Most companies with employees offer their workers employer-sponsored health insurance at reduced costs. Though many companies subscribe to a group health insurance plan to cover their employees, some companies opt for self-funded insurance plans instead. Self-funded insurance differs from traditional group health plans because it does not require involvement from a third-party insurance company.
  1. How It Works

    • An employer with self-funded insurance operates similarly to an insurance company. The employer will collect monthly payments from employees and deposit the money into a trust fund regulated by the federal government. When an employee files a claim, the employer will draw money from the trust fund to cover the cost.
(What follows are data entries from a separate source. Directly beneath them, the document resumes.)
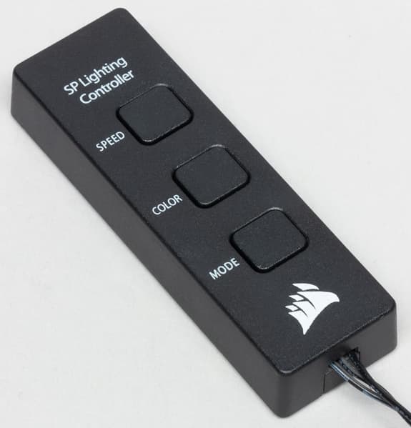 Кнопки на блоке переключают скорость изменения динамических эффектов (Speed), цвет (Color) и режим работы (Mode). Еще один кабель, подсоединяемый к блоку с кнопками, позволяет подключать внешние кнопки для управления подсветкой. Примерами таких кнопок являются кнопки сброса и питания на корпусе.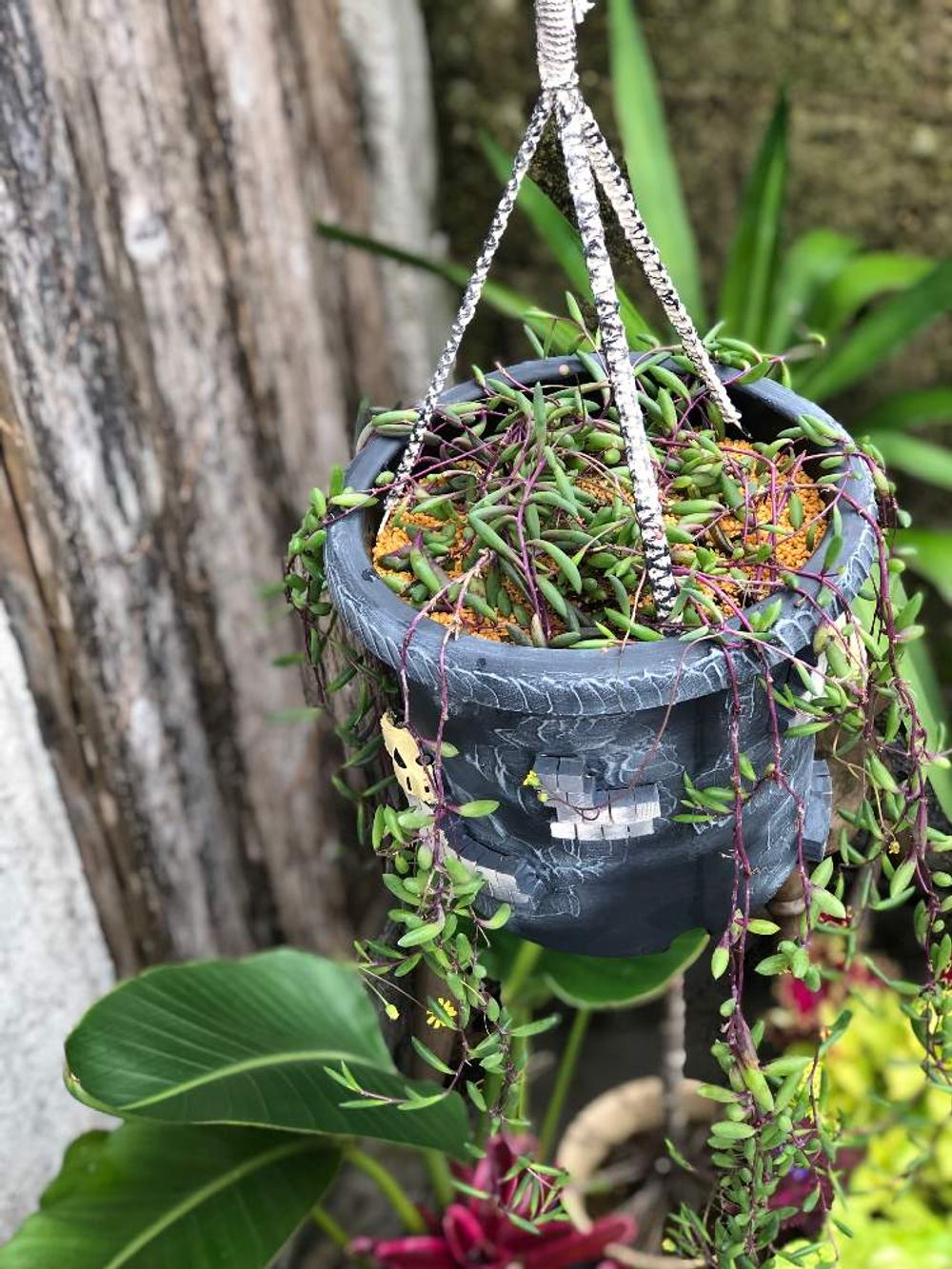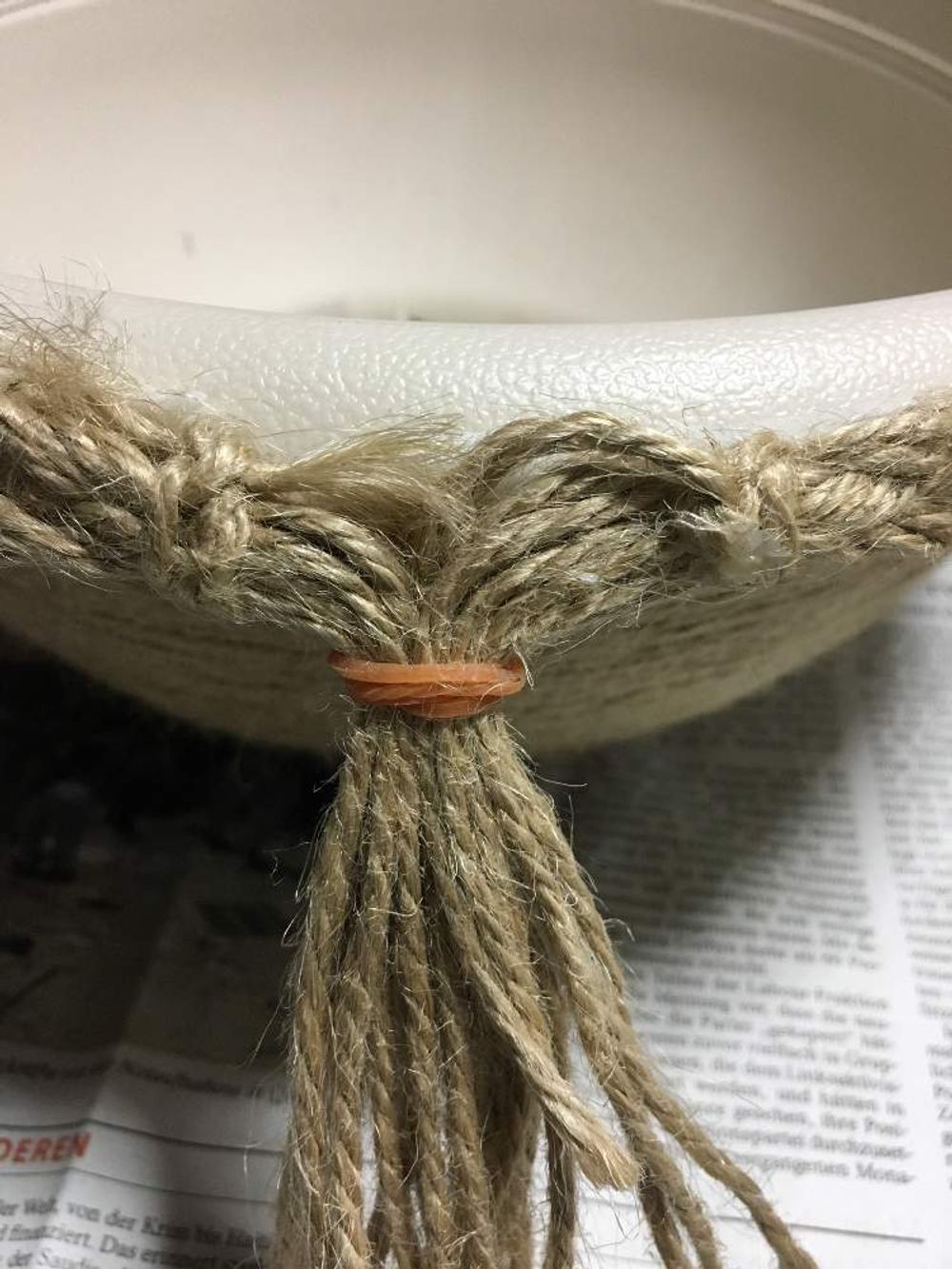 まずはタコ糸(太いやつ)で、たまたま鉢にあいてた穴にマクラメ編みしてみた(´>ڡσ)*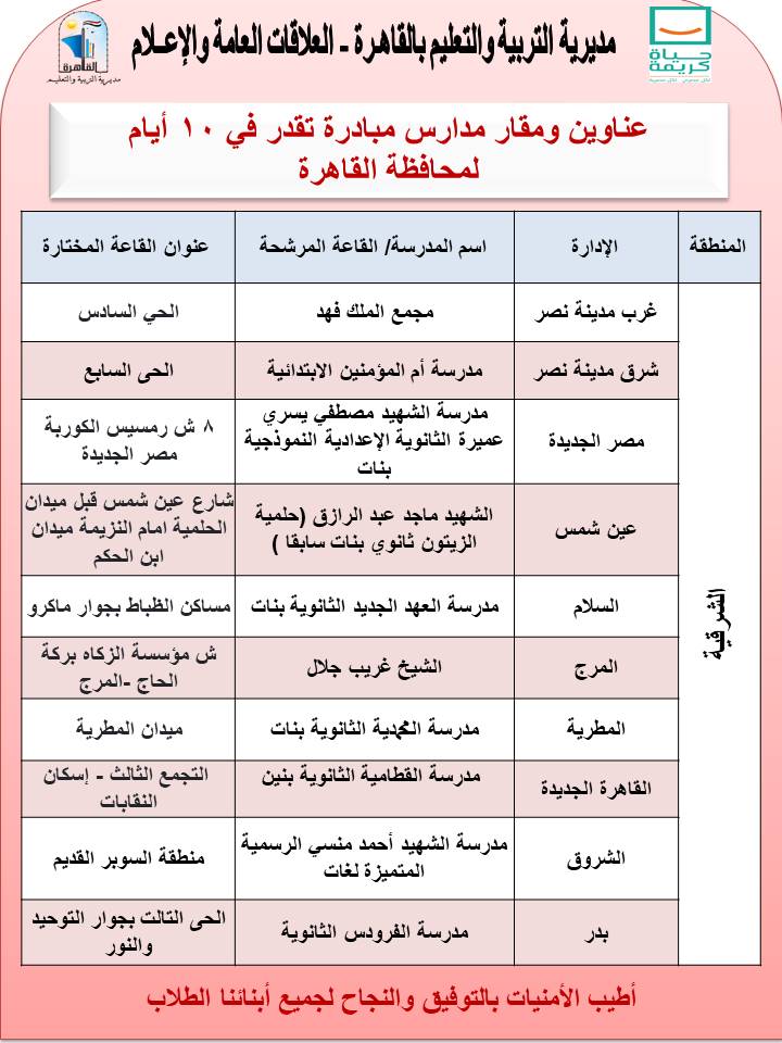 عناوين ومقار مدارس مراجعات الثانوية العامة بالقاهرة لمبادرة "تقدر بـ10 أيام"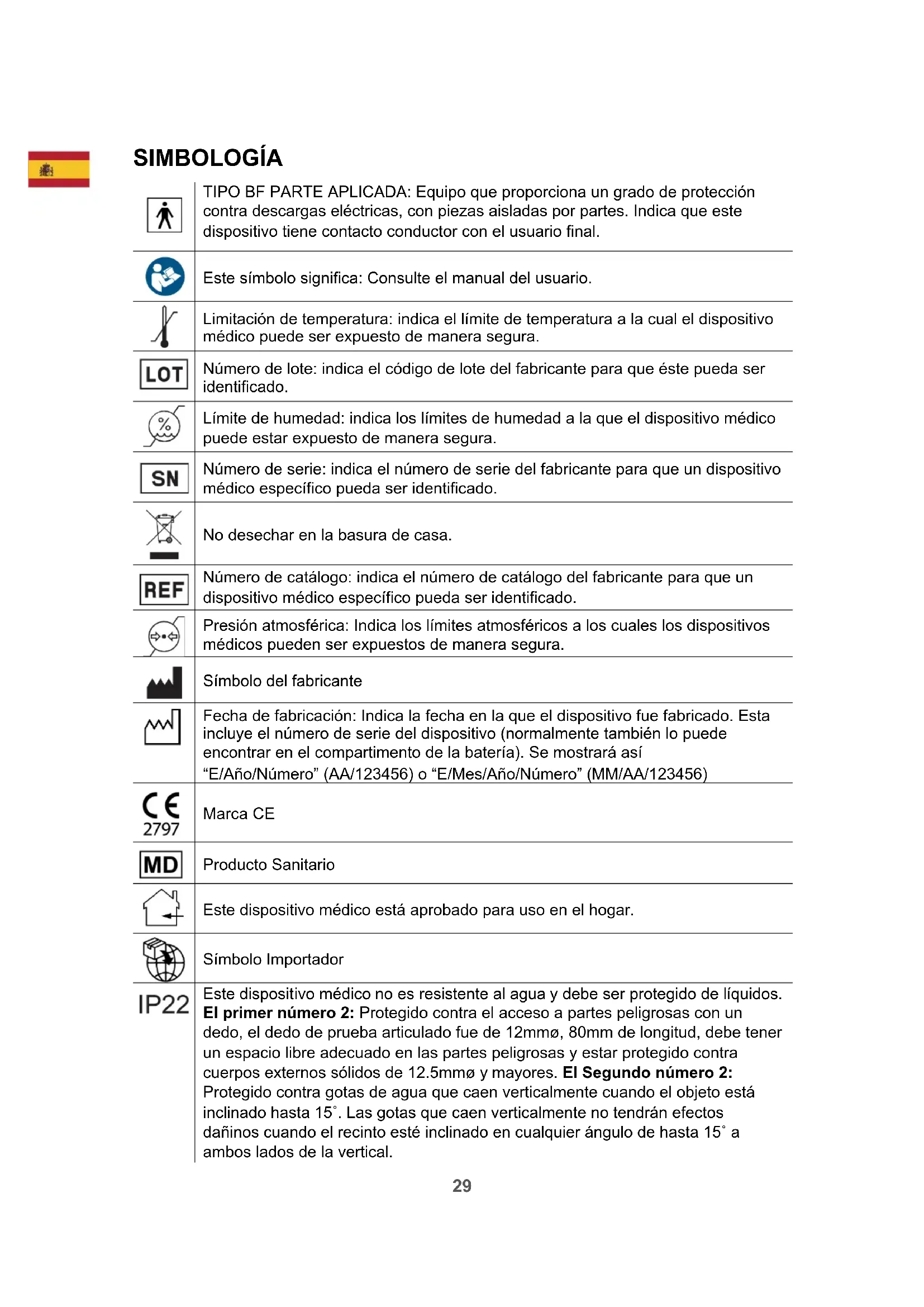 Este dispositivo médico no es resistente al agua y debe ser protegido de líquidos. El primer número 2: Protegido contra el acceso a partes peligrosas con un dedo, el dedo de prueba articulado fue de 12mmø, 80mm de longitud, debe tener un espacio libre adecuado en las partes peligrosas y estar protegido contra cuerpos externos sólidos de 12.5mmø y mayores. El Segundo número 2: Protegido contra gotas de agua que caen verticalmente cuando el objeto está inclinado hasta 15˚. Las gotas que caen verticalmente no tendrán efectos dañinos cuando el recinto esté inclinado en cualquier ángulo de hasta 15˚ a ambos lados de la vertical.30

If extra money remains in the trust fund at the end of the billing period, the employer will keep the money to offset future costs.

    Stop-Loss Insurance

    • Self-funded insurance policies may also include stop-loss insurance, which is a policy the employer purchases to cover catastrophic claims. With a stop-loss insurance policy, the employer can set limits on the maximum loss the company will accept, and the insurance company will cover any losses that exceed this maximum. The price of a stop-loss policy increases as the employer's maximum acceptable loss decreases.

    Variations

    • While most self-funded insurance plans include stop-loss insurance, others do not. Employers without stop-loss insurance will not pay as much to implement self-funded insurance. However, employers without stop-loss coverage will not receive assistance in the event of unanticipated loss and will have to pay excess expenses out of pocket.

    Considerations

    • Self-funded insurance policies are more flexible, and employers can customize plans to meet employees' needs. When monthly premium payments exceed the cost of filed claims, the employer can keep the money to use later. However, a self-funded insurance plan is more time-consuming, requires more attention from the employer and involves more risk than a traditional group health plan.